Oh well. The glass is not half empty but half full. What I saw was a reaffirmation of capitalism, limited government. religious faith, American values and character, and a huge rebuff of the MSM portrayal of Republicans as racist reactionaries. Thank you, South Carolina, and thank you, Fox News.

We're not as much alone in our quaint beliefs as WAPO and CNN and the NYT and the Hollywood publicity machine would like us to be. If the Golden Globes broadcast and its PC-oriented awards disgusted you, take this as an antidote:



My sneaky way of bringing the conversation back to the truly important subject of the day (and my prior post), NFL football.


I've seen Vince Papale in person. He's real -- no Hollywood fiction. A
special teams hero nobody in Philly will ever forget. What we can be.

I kid. But do I? Maybe not. We have to keep getting up from the last hit and making the next play. If we do, we win. It's that simple. Americans of every stripe know in their hearts that Obama is a diva wide receiver (never a QB -- BO=TO, dude) with no stats to back up his endlessly running mouth. He runs for the sidelines at every whipstitch, and he doesn't have the balls to catch a tough pass in the middle of the field. Even the MSM can't hide these facts about him forever, and no matter how hard they try, the people who vote will know.

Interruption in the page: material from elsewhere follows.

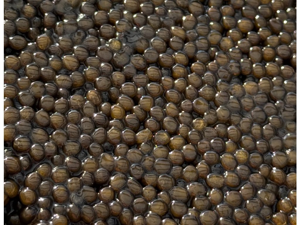 Střední jikry, jemná textura, decentní slanost, krémově oříškové tóny a lehka přírodní hořkost.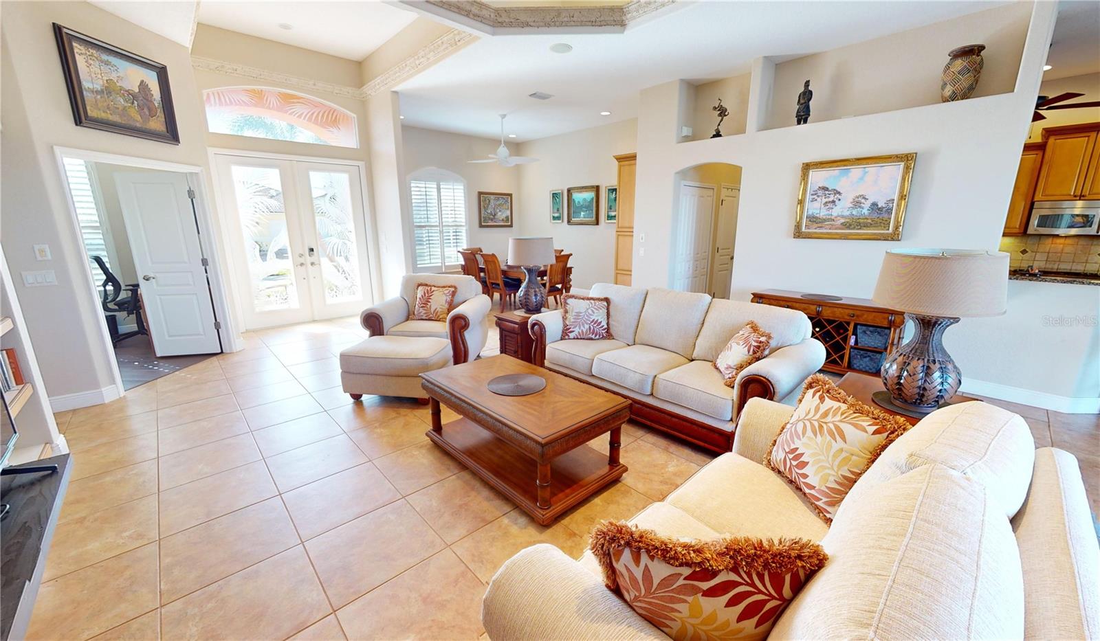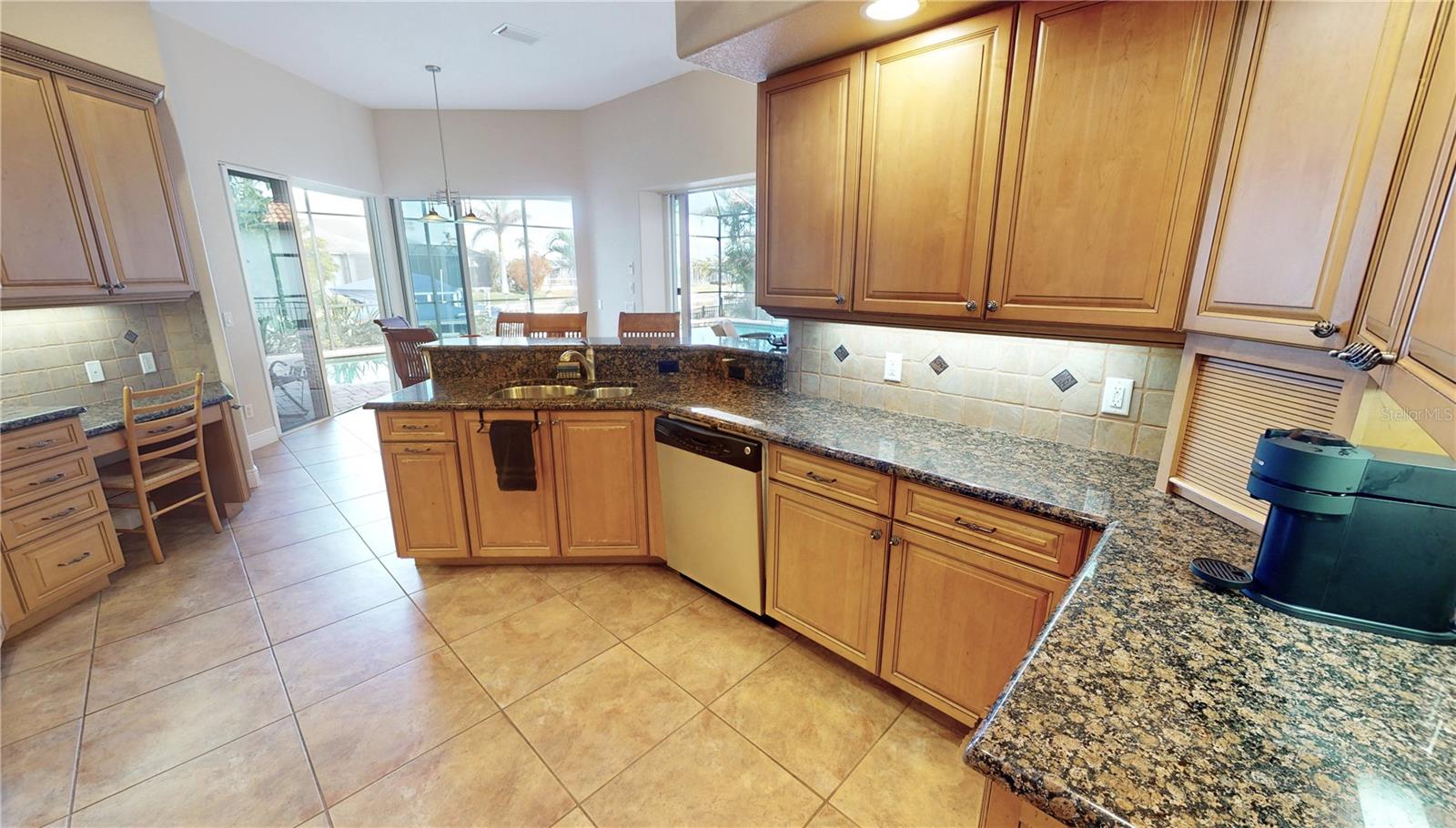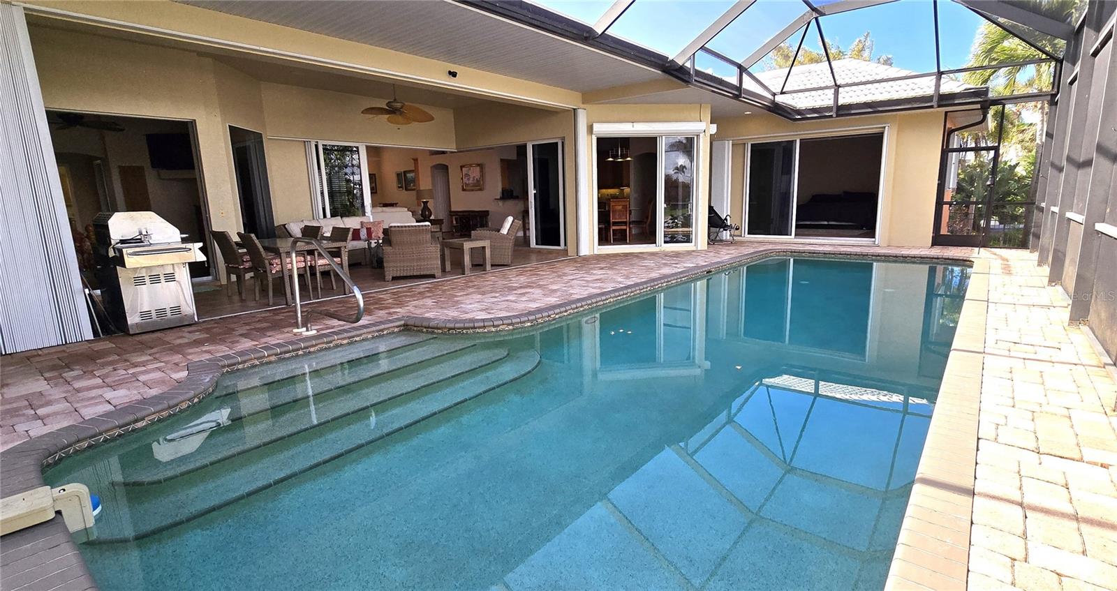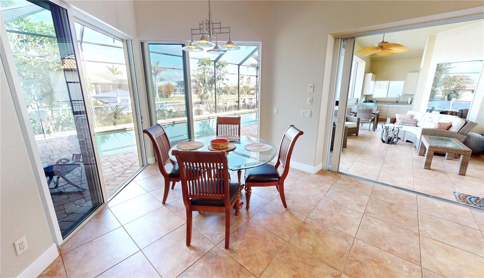 **PRICE IMPROVEMENT**PLEASE ENJOY THE 3D INTERACTIVE VIRTUAL TOUR ASSOCIATED WITH THIS LISTING – Welcome home to Punta Gorda, Florida and the unique boating community of Punta Gorda Isles. Situated on a 120' x 80' canal front lot, just 10 minutes from the open waters of Charlotte Harbor and the Gulf of Mexico beyond, is where you'll find this beautifully maintained, 2450 square foot, three-bedroom + Den, two-bath executive home. Built remarkably strong by Fero Construction in 2007, this residence enjoys an open, great room plan with soaring 11-foot tray ceilings and 8-foot tall corner glass sliders, providing 23 feet of unobstructed access to the screened waterfront pool enclosure. Open to the great room, the home's kitchen sports ample granite counters and Maplewood cabinetry, a closet pantry, a breakfast bar and a great view of the pool area. The primary en-suite bedroom, located on the opposite side of the house from the two guest rooms for added privacy, has two walk-in closets and a spacious bath with dual sinks, a shower and garden tub. The vast screened pool enclosure measures over 1530 square feet in size, 390-feet of which is under roof. This outdoor tropical oasis has direct access from the primary bedroom, living room, kitchen dinette and one of the two guest bedrooms, and it sports a 38' x 12’ foot heated (solar/heat pump) pool, a kitchenette and a storage closet. Beyond the pool enclosure is 80-feet of city-maintained seawall, which enjoys a 60-foot concrete dock with water, electrical service and an electric 10,000-pound boat lift. Other notable features include a two-car attached garage with overhead storage and A/C, ManaBloc central plumbing, a central vacuum system, built-in ceiling speakers in most rooms and full window storm protection. From this location, you are but 1.3 miles from Ponce De Leon Park, 2.6 miles from the Fisherman's Village entertainment complex, 3.2 miles from historic downtown Punta Gorda and just 7 miles from Punta Gorda Airport (PGD). This home represents an excellent find and a preferred area at an ideal price. Walk through this listing now, and click on the interactive 3D virtual tour.

Don't lose heart. Every poll that shows Obama under 50 percent in a head-to-head matchup is an indicator of victory. The undecideds always break big against the incumbent. Remember that.

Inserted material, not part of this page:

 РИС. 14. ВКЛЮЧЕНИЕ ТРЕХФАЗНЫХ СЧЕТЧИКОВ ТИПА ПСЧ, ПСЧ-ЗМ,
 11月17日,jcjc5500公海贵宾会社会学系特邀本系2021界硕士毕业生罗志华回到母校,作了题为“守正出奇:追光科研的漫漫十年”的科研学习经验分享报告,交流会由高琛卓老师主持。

Fly, Eagles, fly. (There's no song for honey badgers.) We'll work it out.

P.S. For the LGBT liberals among you, here's the preferred "sarcastic" narration of the clip above that makes it seem like a scene from a network sitcom. Cool.



Newt's just a nasssty boy. Won't be seeing him on Fashion Police anytime soon. More proof that there is no God. But isssn't Newt awful? You betcha sistah. Wait for our hot hot "Honey Badguh" episode on Glee. [We're Fox, the parent company of most LGBTA propaganda, except for Matt Lauer's volunteer efforts.]